None of this should come as any surprise. For one, anecdotal evidence is that many fund managers have closed their books early for the year and gone on holiday, a major factor behind the poor volume of the past few weeks.

In yesterday's session, a weak one billion units, excluding foreign currency issues, worth $744 million were traded.

Economic news coming out of the US has mainly been negative, with the worst manufacturing number since 1982 released on Monday. The latest jobs report is due on Friday. Analysts too are now increasingly bracing themselves for a weak 2009.

In its Dec 2 Emerging Markets Daily, for instance, Citigroup Global Markets said of Singapore that near-term growth prospects are grim with the economy unlikely to escape a contraction next year.

'The current recession is likely to continue for at least the next two to three quarters with GDP expected to contract in y-o-y terms, at least through 1H09,' said Citi. It said its GDP forecast is well below consensus or government forecasts and added that any uncertainty with forecasts relates to the magnitude rather than the likelihood of a contraction.
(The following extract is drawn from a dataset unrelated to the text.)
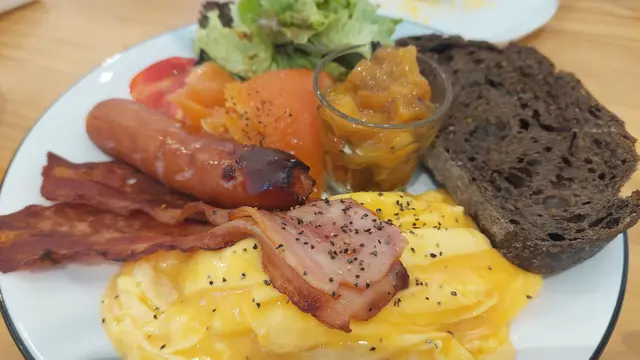 此外,我們點了Deluxe All Day Breakfast。望上去也覺得很普通,沒什麼特別,卻估不到麵包是烘過的,十分香脆!麵包旁邊放了一杯黑黑的Apple Earl Grey Jam,我們以為只是普通的果醬,吃了一口,不得了呀!原來非常好吃!酸酸甜甜的,配以淡淡的Earl Grey,是整碟ADB的精粹和靈魂!其他配菜如香腸和煙肉,都煎得十分香脆惹味,炒蛋也炒得很香滑!這碟ADB殊不簡單,絶對不是粗製濫造的,吃得出是廚師誠意之作!

UBS Investment Research (UBSIR) issued its 2009 Outlook report yesterday titled Navigating a recession. It said there could be a rally of 15-20 per cent in the first quarter because markets are deeply oversold but its central thesis is for a grim economic outlook and high risk aversion.

UBSIR is expecting 30,000 job losses in 2009 - the worst on record for a single year but less severe than the cumulative 42,000 lost during the Asian financial crisis and the 79,500 lost during the two years when the tech bubble burst and Sars struck.

'We forecast a fair value of 2,100 for the STI at end-2009, assuming 12x trailing PE and a 33 per cent decline in earnings. We see a firmer uptrend mostly at the tail end of 2009 when the worst of the economic conditions are likely to have passed,' said UBSIR.

In a property wrap titled Buy another day, JPMorgan said with financing as uncertain as it is, the fundamental value of properties cannot be reliably determined. It noted that in previous cycles it took 11-13 quarters between peak and trough prices and that if the most recent peak was mid-2007, the next trough should be mid-2010.